» **What this task involves**:
In the listing below, find the line containing "汤教授发现,对抗训练增强模型" and the line containing "Organik Düz Chuva". Repeat exactly those two lines and every line between them.

[Input records — start]

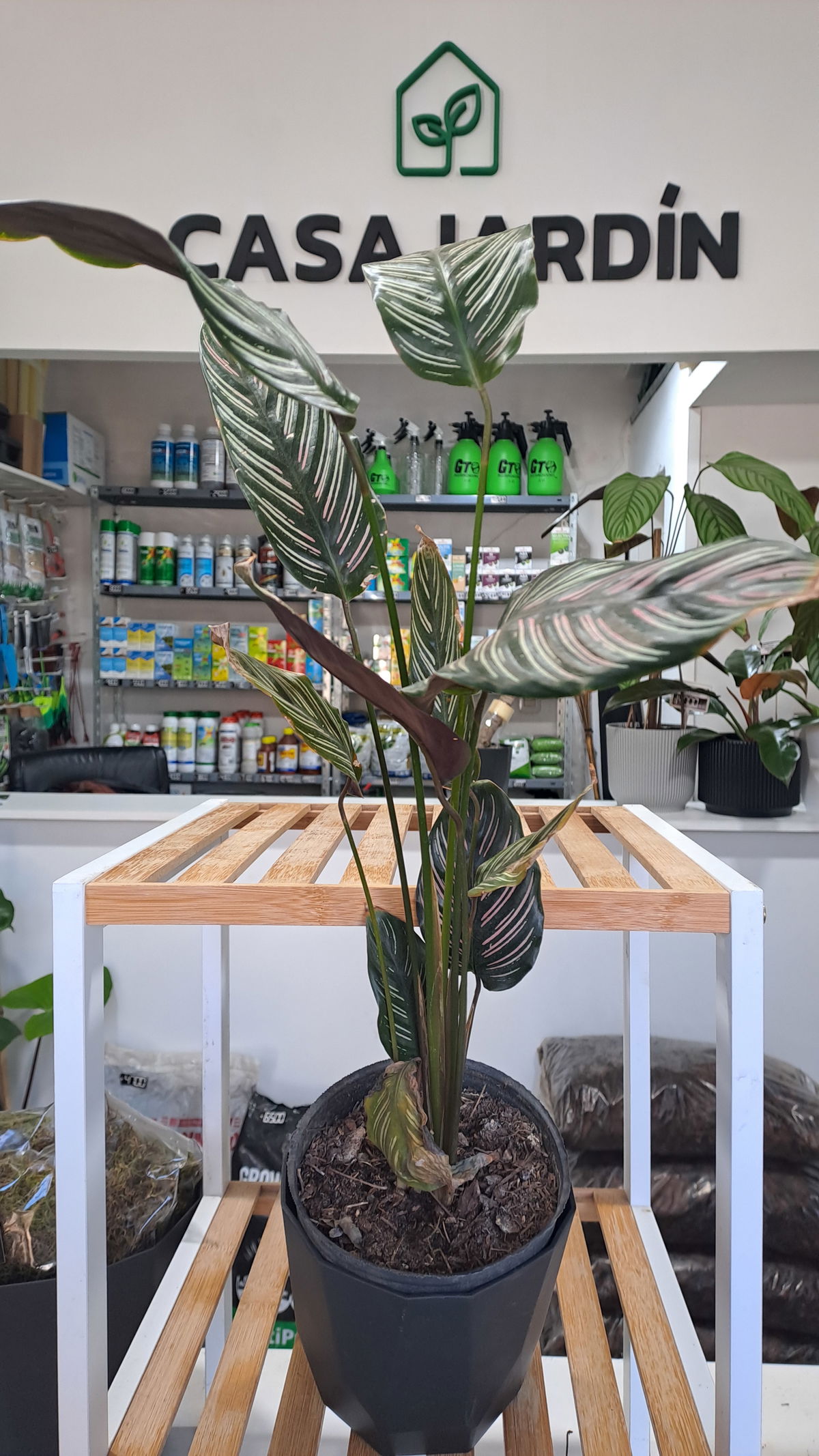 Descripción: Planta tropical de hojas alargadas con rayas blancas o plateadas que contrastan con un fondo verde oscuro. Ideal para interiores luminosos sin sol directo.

[Input records — finish]
[Input records — start]

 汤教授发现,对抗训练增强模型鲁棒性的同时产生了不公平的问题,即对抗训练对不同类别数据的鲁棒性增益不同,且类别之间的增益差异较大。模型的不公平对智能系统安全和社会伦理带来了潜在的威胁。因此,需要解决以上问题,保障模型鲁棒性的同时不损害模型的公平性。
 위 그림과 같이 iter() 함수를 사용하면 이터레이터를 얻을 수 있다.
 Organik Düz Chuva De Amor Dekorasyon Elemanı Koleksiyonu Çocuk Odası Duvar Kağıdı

[Input records — finish]
[Input records — start]

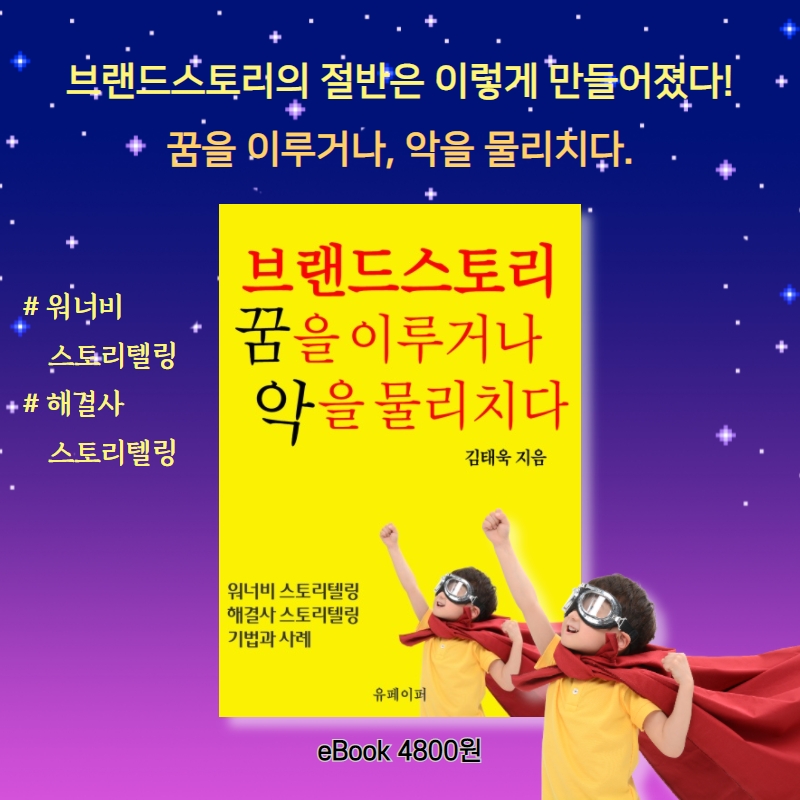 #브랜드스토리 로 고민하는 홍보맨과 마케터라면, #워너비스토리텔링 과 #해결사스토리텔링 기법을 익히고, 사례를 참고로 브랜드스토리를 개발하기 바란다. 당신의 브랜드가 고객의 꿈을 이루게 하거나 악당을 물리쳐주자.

[Input records — finish]

» **Solution**:
 汤教授发现,对抗训练增强模型鲁棒性的同时产生了不公平的问题,即对抗训练对不同类别数据的鲁棒性增益不同,且类别之间的增益差异较大。模型的不公平对智能系统安全和社会伦理带来了潜在的威胁。因此,需要解决以上问题,保障模型鲁棒性的同时不损害模型的公平性。
 위 그림과 같이 iter() 함수를 사용하면 이터레이터를 얻을 수 있다.
 Organik Düz Chuva De Amor Dekorasyon Elemanı Koleksiyonu Çocuk Odası Duvar Kağıdı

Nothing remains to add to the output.